• PROBLEM STATEMENT:
After dropping the pictures, give again exactly the lines of the data from its first line through the line with "Pochette de 10", which is included as well.
BEGIN DATA SUPPLIED
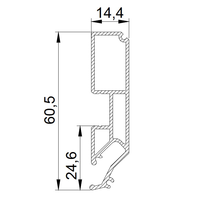 Переход для карниза LumFer PDK60 – это специальный алюминиевый профиль, окрашенный в белый или черный цвет, предназначенный для изготовления ниши под карниз. Конструкция профиля предусматривает возможность установки подсветки. Паз для светодиодной ленты закрывается ПВХ рассеивателем для более равномерного и плавного рассеивания света. Паз для заправки гарпуна закрывается разделительной
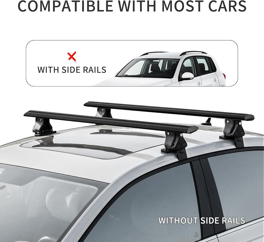 رف السقف العالمي]: يمكن تثبيت رف الأمتعة على معظم السيارات دون أي قضبان جانبية موجودة ، ولكن يرجى الرجوع إلى البيانات التالية لتأكيد ما إذا كانت مناسبة لسيارتك قبل الشراء. عند قياس 55 "من طرف إلى طرف ، يجب أن تكون النطاق القابل للتعديل من الطول المتاح 49" -39 "، ويجب أن تكون المسافة من أعلى بطاقة الباب إلى أعلى السقف أقل من 4" لتناسب طول مقطعنا.
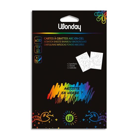 Pochette de 10 cartes à gratter arc-en-ciel, format 114 x 153 mm, incluant 2 pochoirs et 1 stylet en bambou.
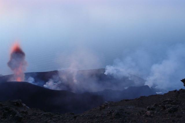 Wir konnten bei gutem Wetter, trotz starker vulkanischer Aktivität, mit Führer auf den Stromboli steigen. Nach den schweren Ausbrüchen 2003 war das lange Zeit nicht mehr möglich gewesen - wir waren eine der ersten Gruppen, die wieder bis auf den Gipfel durfte. 3 Stunden Aufstieg von Meereshöhe auf 950m am späten Nachmittag. Dann erreicht man den Gipfel: 200m unter dir liegen die aktiven Krater. Alle paar Minuten wird Lava ausgestossen - normalerweise 20-40m hoch - wir hatten 2 Explosionen, die knapp 200m hoch waren..... Ein unglaubliches Erlebnis!!!! 1 Stunde bleibt man oben bleiben, dann gehts in der Dunkelheit mit Taschenlampe wieder runter.
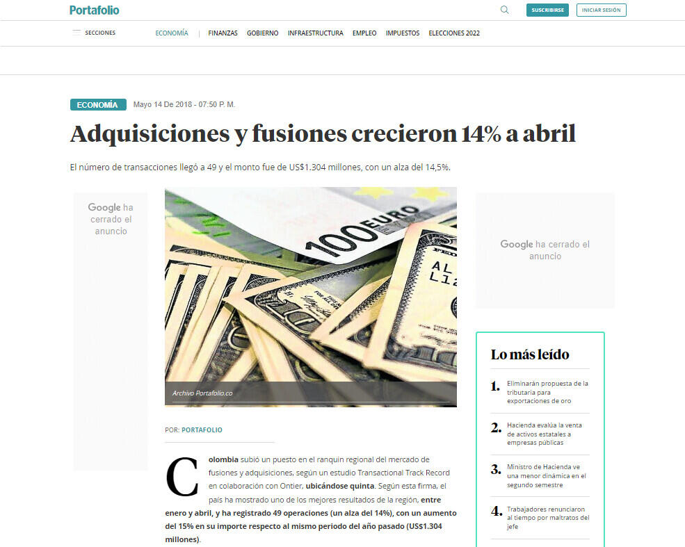 Colombia subió un puesto en el ranquin regional del mercado de fusiones y adquisiciones, según un estudio Transactional Track Record en colaboración con Ontier, ubicándose quinta. Según esta firma, el país ha mostrado uno de los mejores resultados de la región, entre enero y abril, y ha registrado 49 operaciones (un alza del 14%), con un aumento del 15% en su importe respecto al mismo periodo del año pasado (US$1.304 millones).
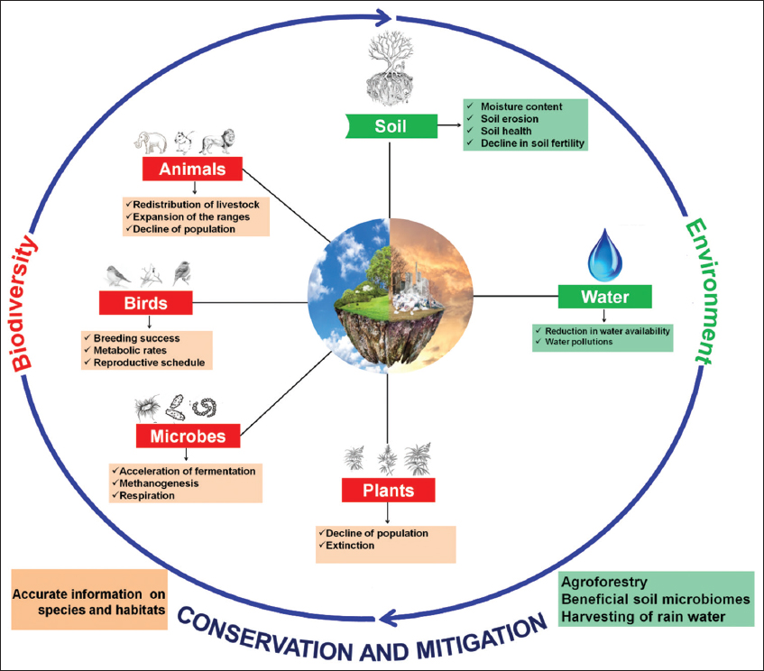 | Figure 1: Depicts the effect of climate change on biodiversity and environment and their conservation/mitigation strategies. [Click here to view] |
END DATA SUPPLIED
• TASK RESPONSE:
 Переход для карниза LumFer PDK60 – это специальный алюминиевый профиль, окрашенный в белый или черный цвет, предназначенный для изготовления ниши под карниз. Конструкция профиля предусматривает возможность установки подсветки. Паз для светодиодной ленты закрывается ПВХ рассеивателем для более равномерного и плавного рассеивания света. Паз для заправки гарпуна закрывается разделительной
 رف السقف العالمي]: يمكن تثبيت رف الأمتعة على معظم السيارات دون أي قضبان جانبية موجودة ، ولكن يرجى الرجوع إلى البيانات التالية لتأكيد ما إذا كانت مناسبة لسيارتك قبل الشراء. عند قياس 55 "من طرف إلى طرف ، يجب أن تكون النطاق القابل للتعديل من الطول المتاح 49" -39 "، ويجب أن تكون المسافة من أعلى بطاقة الباب إلى أعلى السقف أقل من 4" لتناسب طول مقطعنا.
 Pochette de 10 cartes à gratter arc-en-ciel, format 114 x 153 mm, incluant 2 pochoirs et 1 stylet en bambou.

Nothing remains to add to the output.